- TASK BRIEF -
Transcribe exactly everything in the data below from the line containing "MULTAN | |||" down to the line containing "Macでのベンチマークテスト(Blackmagic Disk Speed", both lines included and nothing further.
[Start of Attachment]
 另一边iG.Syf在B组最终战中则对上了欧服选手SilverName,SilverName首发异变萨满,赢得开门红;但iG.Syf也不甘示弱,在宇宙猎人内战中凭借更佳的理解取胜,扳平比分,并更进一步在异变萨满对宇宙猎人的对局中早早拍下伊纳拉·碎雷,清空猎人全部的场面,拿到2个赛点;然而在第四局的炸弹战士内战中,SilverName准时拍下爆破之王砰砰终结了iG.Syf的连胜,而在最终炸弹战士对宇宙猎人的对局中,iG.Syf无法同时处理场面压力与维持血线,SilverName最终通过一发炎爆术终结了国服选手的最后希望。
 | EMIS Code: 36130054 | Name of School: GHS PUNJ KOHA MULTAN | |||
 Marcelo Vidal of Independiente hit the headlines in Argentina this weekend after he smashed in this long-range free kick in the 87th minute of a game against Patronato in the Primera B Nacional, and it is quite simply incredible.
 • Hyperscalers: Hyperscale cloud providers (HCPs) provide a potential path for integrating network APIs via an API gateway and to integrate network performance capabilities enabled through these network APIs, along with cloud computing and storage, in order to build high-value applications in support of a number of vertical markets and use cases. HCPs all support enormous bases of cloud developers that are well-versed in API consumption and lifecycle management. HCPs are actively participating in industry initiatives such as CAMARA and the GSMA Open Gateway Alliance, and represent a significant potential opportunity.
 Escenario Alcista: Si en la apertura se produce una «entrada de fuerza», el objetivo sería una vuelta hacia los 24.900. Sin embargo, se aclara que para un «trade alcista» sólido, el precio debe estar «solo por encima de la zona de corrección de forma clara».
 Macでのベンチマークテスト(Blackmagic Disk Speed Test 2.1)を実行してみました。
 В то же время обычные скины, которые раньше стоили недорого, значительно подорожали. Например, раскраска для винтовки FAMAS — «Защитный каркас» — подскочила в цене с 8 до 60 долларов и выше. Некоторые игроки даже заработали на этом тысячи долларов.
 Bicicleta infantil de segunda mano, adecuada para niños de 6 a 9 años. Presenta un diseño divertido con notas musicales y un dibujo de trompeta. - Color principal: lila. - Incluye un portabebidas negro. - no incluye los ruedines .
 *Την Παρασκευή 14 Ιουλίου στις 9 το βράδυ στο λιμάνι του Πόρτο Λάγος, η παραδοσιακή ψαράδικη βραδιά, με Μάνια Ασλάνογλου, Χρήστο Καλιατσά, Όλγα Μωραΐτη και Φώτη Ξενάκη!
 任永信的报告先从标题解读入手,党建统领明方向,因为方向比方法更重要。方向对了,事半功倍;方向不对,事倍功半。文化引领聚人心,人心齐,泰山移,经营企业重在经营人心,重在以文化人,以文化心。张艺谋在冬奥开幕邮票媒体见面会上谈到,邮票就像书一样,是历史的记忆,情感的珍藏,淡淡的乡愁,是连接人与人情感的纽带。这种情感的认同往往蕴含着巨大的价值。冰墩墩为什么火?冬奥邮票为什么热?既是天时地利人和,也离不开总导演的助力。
[End of Attachment]
- OUTPUT -
 | EMIS Code: 36130054 | Name of School: GHS PUNJ KOHA MULTAN | |||
 Marcelo Vidal of Independiente hit the headlines in Argentina this weekend after he smashed in this long-range free kick in the 87th minute of a game against Patronato in the Primera B Nacional, and it is quite simply incredible.
 • Hyperscalers: Hyperscale cloud providers (HCPs) provide a potential path for integrating network APIs via an API gateway and to integrate network performance capabilities enabled through these network APIs, along with cloud computing and storage, in order to build high-value applications in support of a number of vertical markets and use cases. HCPs all support enormous bases of cloud developers that are well-versed in API consumption and lifecycle management. HCPs are actively participating in industry initiatives such as CAMARA and the GSMA Open Gateway Alliance, and represent a significant potential opportunity.
 Escenario Alcista: Si en la apertura se produce una «entrada de fuerza», el objetivo sería una vuelta hacia los 24.900. Sin embargo, se aclara que para un «trade alcista» sólido, el precio debe estar «solo por encima de la zona de corrección de forma clara».
 Macでのベンチマークテスト(Blackmagic Disk Speed Test 2.1)を実行してみました。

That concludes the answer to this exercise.